I can select() efficiently using where=, but I want all indexes, and none of the columns. I can also select() using iterator=True to save RAM, but that still means reading pretty much all the table from disk, so it's still slow.

I have been hunting in the store.root..table.* stuff, hoping that I can get a list of index values. Am I on the right track?
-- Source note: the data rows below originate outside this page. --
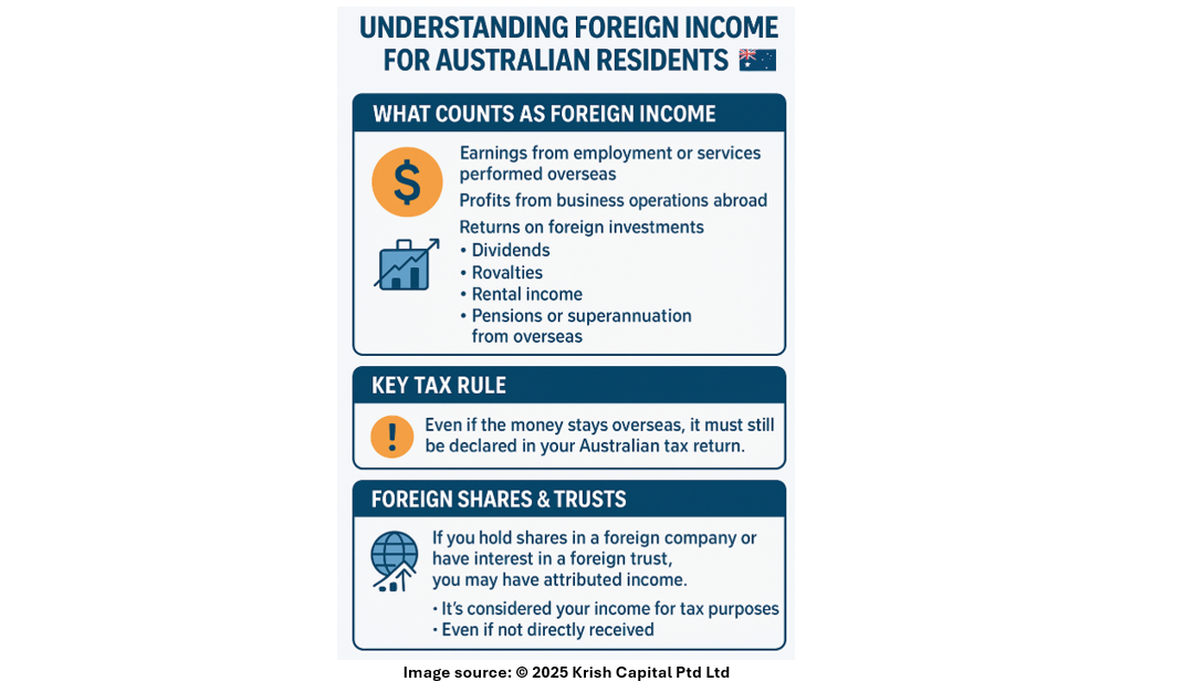 If you work overseas or provide services to a foreign organisation, the income must be reported as if earned in Australia. This includes salaries, consultancy payments, and business profits. Payments received from foreign-hosted platforms—such as freelance or influencer activities—also fall under this rule. The same applies to directors’ fees or contract work performed for overseas entities.
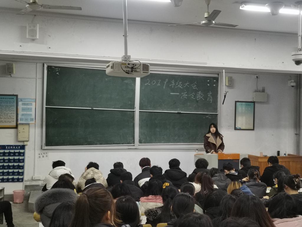 1月15日,2019级在三教204召开年级大会,部署寒假安全教育工作。2019级学生通过线上线下方式参加年级会,会议由2019级辅导员姜小凡主讲。
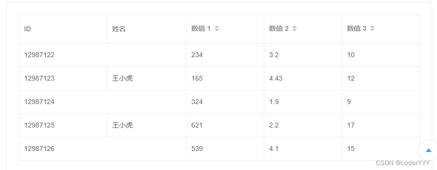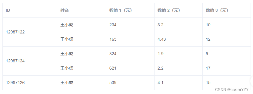 <template> <div> <el-table :data='tableData' :span-method='arraySpanMethod' border style='width: 100%'> <el-table-columnprop='id'label='ID'width='180'> </el-table-column> <el-table-columnprop='name'label='姓名'> </el-table-column> <el-table-columnprop='amount1'sortablelabel='數值 1'> </el-table-column> <el-table-columnprop='amount2'sortablelabel='數值 2'> </el-table-column> <el-table-columnprop='amount3'sortablelabel='數值 3'> </el-table-column> </el-table> <el-table :data='tableData' :span-method='objectSpanMethod' border style='width: 100%; margin-top: 20px'> <el-table-columnprop='id'label='ID'width='180'> </el-table-column> <el-table-columnprop='name'label='姓名'> </el-table-column> <el-table-columnprop='amount1'label='數值 1(元)'> </el-table-column> <el-table-columnprop='amount2'label='數值 2(元)'> </el-table-column> <el-table-columnprop='amount3'label='數值 3(元)'> </el-table-column> </el-table> </div></template><script> export default { data() { return {tableData: [{ id: '12987122', name: '王小虎', amount1: '234', amount2: '3.2', amount3: 10}, { id: '12987123', name: '王小虎', amount1: '165', amount2: '4.43', amount3: 12}, { id: '12987124', name: '王小虎', amount1: '324', amount2: '1.9', amount3: 9}, { id: '12987125', name: '王小虎', amount1: '621', amount2: '2.2', amount3: 17}, { id: '12987126', name: '王小虎', amount1: '539', amount2: '4.1', amount3: 15}] }; }, methods: { arraySpanMethod({ row, column, rowIndex, columnIndex }) {if (rowIndex % 2 === 0) { if (columnIndex === 0) { return [1, 2]; } else if (columnIndex === 1) { return [0, 0]; }} }, objectSpanMethod({ row, column, rowIndex, columnIndex }) {if (columnIndex === 0) { if (rowIndex % 2 === 0) { return { rowspan: 2, colspan: 1 }; } else { return { rowspan: 0, colspan: 0 }; }} } } };</script>運行效果:
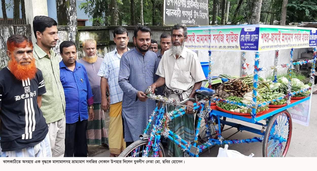 ঝালকাঠিতে অসহায় বৃদ্ধের কষ্টের জীবনযাপনের কথা শুনে তাকে মালামালসহ সবজির ভ্রাম্যমাণ দোকান উপহার দিয়েছেন শিশু সংগঠক ও যুবলীগ নেতা ছবির হোসেন।
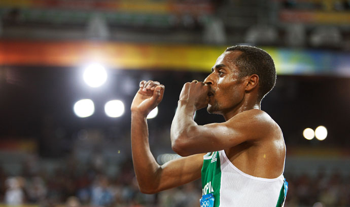 8月23日,埃塞俄比亞選手克內(nèi)尼薩·貝耶查在比賽后慶祝。當(dāng)日,貝耶查在北京奧運(yùn)會男子5000米決賽中以12分57秒82的成績奪得金牌并打破奧運(yùn)會紀(jì)錄。

Plan B would be to keep a shorter MultiIndex DataFrame that just contains empty DataFrames appended every time I append the main one. I can retrieve that and get the index much more cheaply than the main one. Inelegant though.

Answer 1

Create a multi-index df

In [35]: df = DataFrame(randn(100000,3),columns=list('ABC'))
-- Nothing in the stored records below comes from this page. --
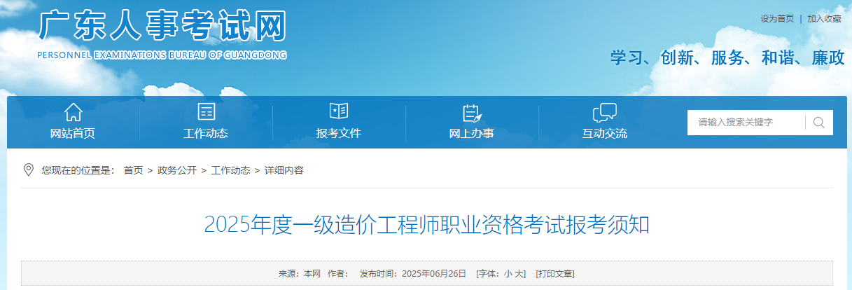 广东考区2025年度一级造价工程师职业资格考试报考须知
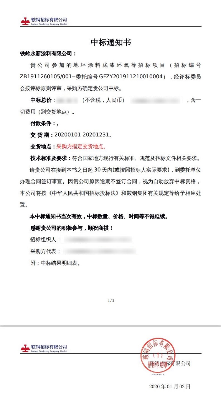 鞍鋼中標通知書
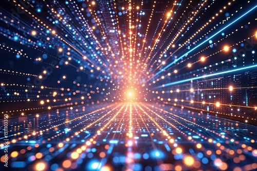 © Michael, Fototapeta premium Dynamic Digital Energy Field Background with Glowing Lights and Abstract Tech Elements
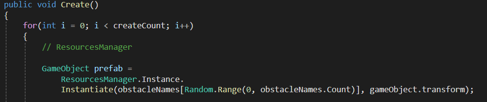 Resources폴더에서 가져와서 동적 생성하는데, 이 방법 대신에Resources폴더에서 가져와서 생성을 담당하는ResourcesManager만들기- 캐릭터가 장애물에 닿으면
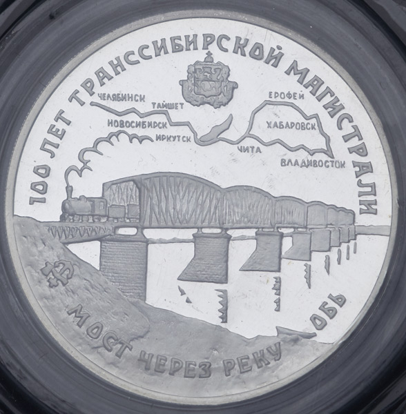 3 рубля 1994 "100 лет Транссибирской магистрали: мост через реку Обь" (в запайке) ЛМД
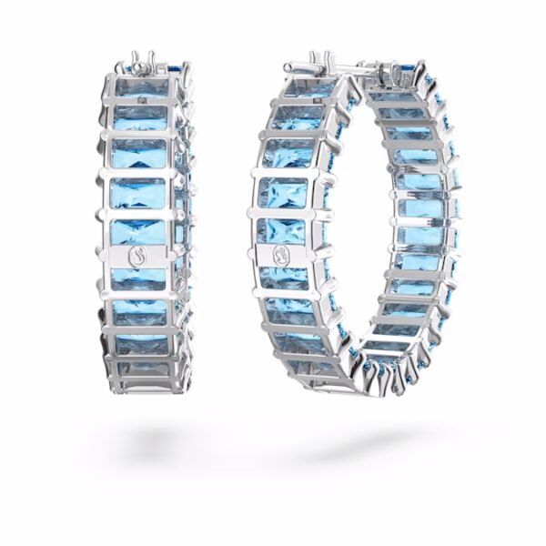 Окружите свой стиль кристаллами с помощью этих поразительных серег Matrix, которые придают дизайну кольца ослепительный стандарт детализации. Каждое изделие с родиевым покрытием имеет круг из багетных камней принцессной огранки в аквамариновом тоне, скрепленных вместе изысканной зубчатой ​​закрепкой. Этот дизайн — как раз то, что нужно для завораживающего. Носите их со всем.

In [36]: df['one'] = 'foo'

In [37]: df['two'] = 'bar'

In [38]: df.ix[50000:,'two'] = 'bah'

In [40]: mi = df.set_index(['one','two'])

In [41]: mi
Out[41]: 
<class 'pandas.core.frame.DataFrame'>
MultiIndex: 100000 entries, (foo, bar) to (foo, bah)
Data columns (total 3 columns):
A    100000  non-null values
B    100000  non-null values
C    100000  non-null values
dtypes: float64(3)

Store it as a table

In [42]: store = pd.HDFStore('test.h5',mode='w')

In [43]: store.append('df',mi)

get_storer will return the stored object (but not retrieve the data)
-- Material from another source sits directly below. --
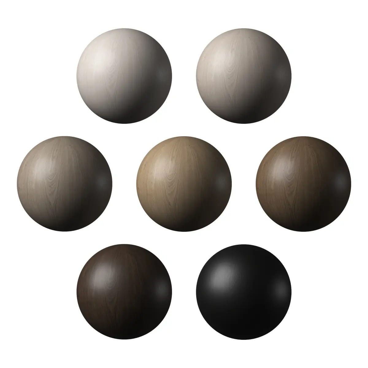 Wood material in 7 colors.Texture resolution is 16384x16384 pixels. Textures are seamless.The model has textures in only one color. All color decisions in the model are made through Color Correction in 3ds max.
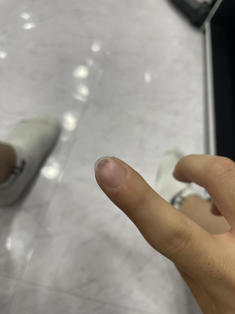 손톱 아래 찢긴 상처가 있을수도 있으니 신체진찰 받아보시기 바랍니다.

In [44]: store.get_storer('df').levels
Out[44]: ['one', 'two']

In [2]: store
Out[2]: 
<class 'pandas.io.pytables.HDFStore'>
File path: test.h5
/df            frame_table  (typ->appendable_multi,nrows->100000,ncols->5,indexers->[index],dc->[two,one])

The index levels are created as data_columns, meaning you can use them in selections This is how to select only the index

In [48]: store.select('df',columns=['one'])
Out[48]: 
<class 'pandas.core.frame.DataFrame'>
MultiIndex: 100000 entries, (foo, bar) to (foo, bah)
Empty DataFrame

To select a single column and return it as a mi-frame

In [49]: store.select('df',columns=['A'])
Out[49]: 
<class 'pandas.core.frame.DataFrame'>
MultiIndex: 100000 entries, (foo, bar) to (foo, bah)
Data columns (total 1 columns):
A    100000  non-null values
dtypes: float64(1)

To select a single column as a Series (which can also be the index as these are stored as columns). This will be quite fast.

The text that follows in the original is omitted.